In a memo shared with all personnel, NASA’s Chief Artificial Intelligence Officer (CAIO) David Salvagnini warned that DeepSeek’s servers are located outside the country, raising concerns over national security and data privacy.
Last month, the U.S Navy also warned its members to refrain from using DeepSeek’s AI model citing potential security and ethical concerns. During the same period, the state of Texas in the U.S. became the first state in the country to ban DeepSeek from any government use.

7. DeepSeek now available on Microsoft Azure and Github

Microsoft made DeepSeek’s models available on the Azure AI Foundry and GitHub model catalog, providing businesses with access to advanced AI solutions while ensuring compliance with security and reliability standards.

Interestingly, just days ago, Microsoft was investigating whether DeepSeek has used distillation to incorporate OpenAI’s abilities to train its model. Moreover, Microsoft has invested billions of dollars in OpenAI in the last few years.

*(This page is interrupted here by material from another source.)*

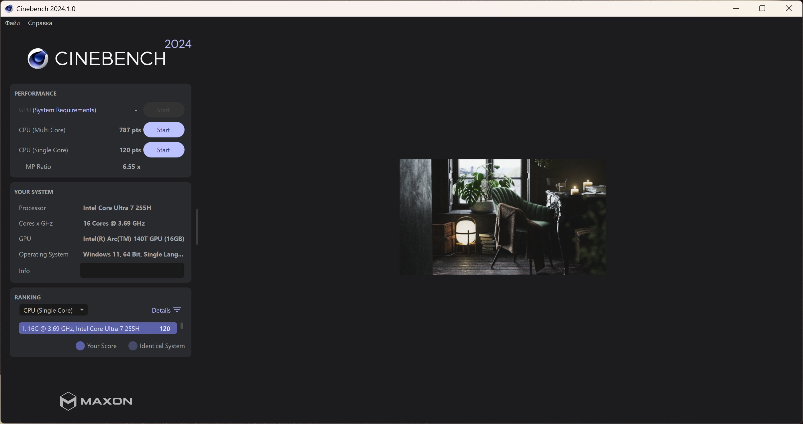 Установленный внутри этой модели Intel Core Ultra 7 225H на 16 потоков и 16 ядер с частотой до 5,1 ГГц (в турбо) изначально задал высокую планку моих ожиданий, поскольку новейший чипсет с нейронным блоком, в связке с 32 ГБ оперативной памяти типа LPDDR5x (8400 МГц) и 1 ТБ накопителя типа PCIe 4.0, вряд ли будет работать плохо под нагрузкой, не говоря уже о повседневных задачах.

8. Anthropic CEO questions DeepSeek claims, bats for export control

In a personal blog post, Anthropic CEO Dario Amodei stated that the claims about DeepSeek’s achievement at the cost of $6 million — an accomplishment that has cost American AI companies billions — are exaggerated. He claimed his startup has also developed its flagship model Claude 3.5 Sonnet at a significantly lower price nearly a year ago.

Additionally, he called for stricter export controls, specifically aimed at further restricting NVIDIA from selling its chips to China. Currently, the U.S. government prohibits NVIDIA from exporting its high-end chips to China. As a result, NVIDIA exports a customized version of its GPUs that deliver lower performance than the company’s most advanced models.

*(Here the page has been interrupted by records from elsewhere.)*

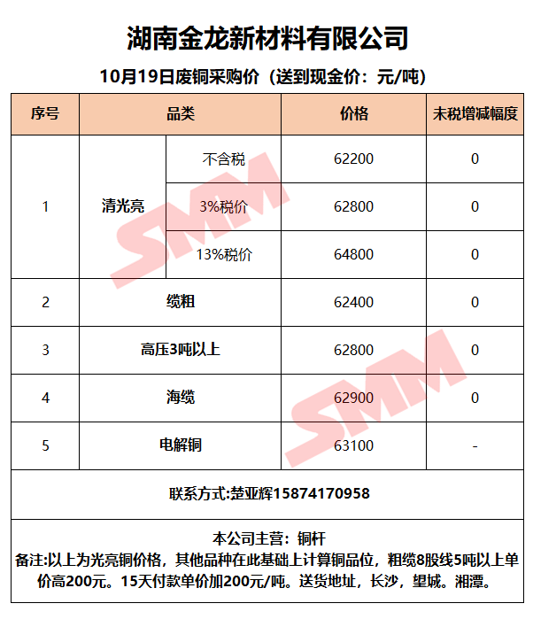 10月19日湖南金龙 废铜采购报价
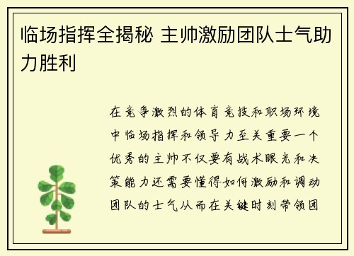临场指挥全揭秘 主帅激励团队士气助力胜利
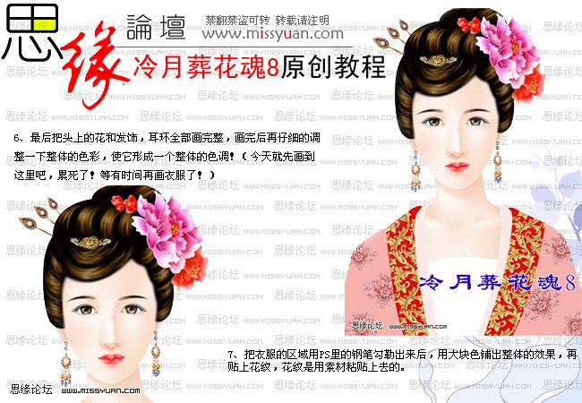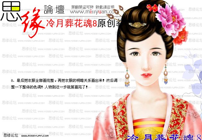 6、最后把头上的花盒发饰,耳环全部画完整,画完后再仔细的调整一下整体的色彩,使他形成一个整体的色调。

Amodei believes doing so would give the U.S. a significant advantage as both the countries lock horns to emerge as the leader in AI. “Well-enforced export controls are the only thing that can prevent China from getting millions of chips, and are therefore the most important determinant of whether we end up in a unipolar or bipolar world,” Amodei wrote.

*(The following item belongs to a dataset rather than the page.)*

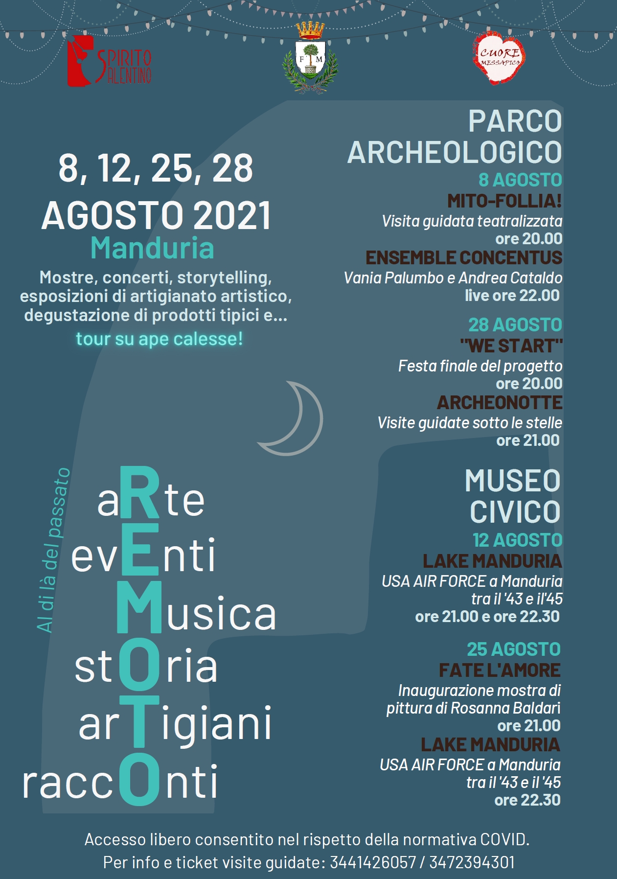 Arte, eventi, musica, storia, artigianato e racconti sono gli ingredienti di REMOTO. Al di là del passato, la rassegna agostana, ideata dall’associazione Vento Refolo e dal gruppo Cuore Messapico, è organizzata dalla cooperativa Spirito Salentino per la valorizzazione di due luoghi simbolici della cultura a Manduria: il Parco Archeologico delle Mura Messapiche e il Museo Civico delle Guerre Mondiali.

9. Alibaba claims its model beats DeepSeek’s

DeepSeek is not the only company in China that is working on AI models. Chinese e-commerce giant Alibaba last month released a new version of its flagship AI model Qwen. The company claims Qwen 2.5-Max surpasses the abilities of DeepSeek V3.

“Qwen 2.5-Max outperforms… almost across the board GPT-4o, DeepSeek-V3 and Llama-3.1-405B,” Alibaba posted on its official WeChat account.

10. Trump meets Nvidia CEO, discusses DeepSeek

Last week, U.S. President met Nvidia CEO Jensen Huang at the White House to discuss exactly what Amodei proposed, over concerns of China’s growing dominance in AI, fuelled by DeepSeek.

Their discussion centered on reinforcing U.S. leadership in AI technology and tightening export restrictions on advanced AI chips to China. While President Trump refrained from sharing specific details, he characterized the meeting as “good.”

11. Altman doesn’t plan on suing DeepSeek

OpenAI CEO Sam Altman recently stated that he has no plans to sue Chinese startup DeepSeek. Last month, Altman’s company investigated if DeepSeek used ChatGPT to train its model.

“No, we have no plans to sue DeepSeek right now. We’re focused on building great products and leading the world in model capabilities, and I believe that will serve us well,” Altman told reporters. “We’re happy to have another competitor. We’ve faced many before, and I think it’s in everyone’s interest for us to keep advancing and maintaining our leadership.”

12. U.S. senator proposes $100 mn fine for downloading DeepSeek

In a new bill, Republican senator Josh Hawley from Missouri proposed to impose penalties of up to 20 years in prison, a $1 million fine, or both for individuals who knowingly download Chinese-developed AI models like DeepSeek.

If passed, the bill would prohibit anyone in the U.S. from using China-developed AI technology and similarly restrict the use of U.S.-developed AI in China.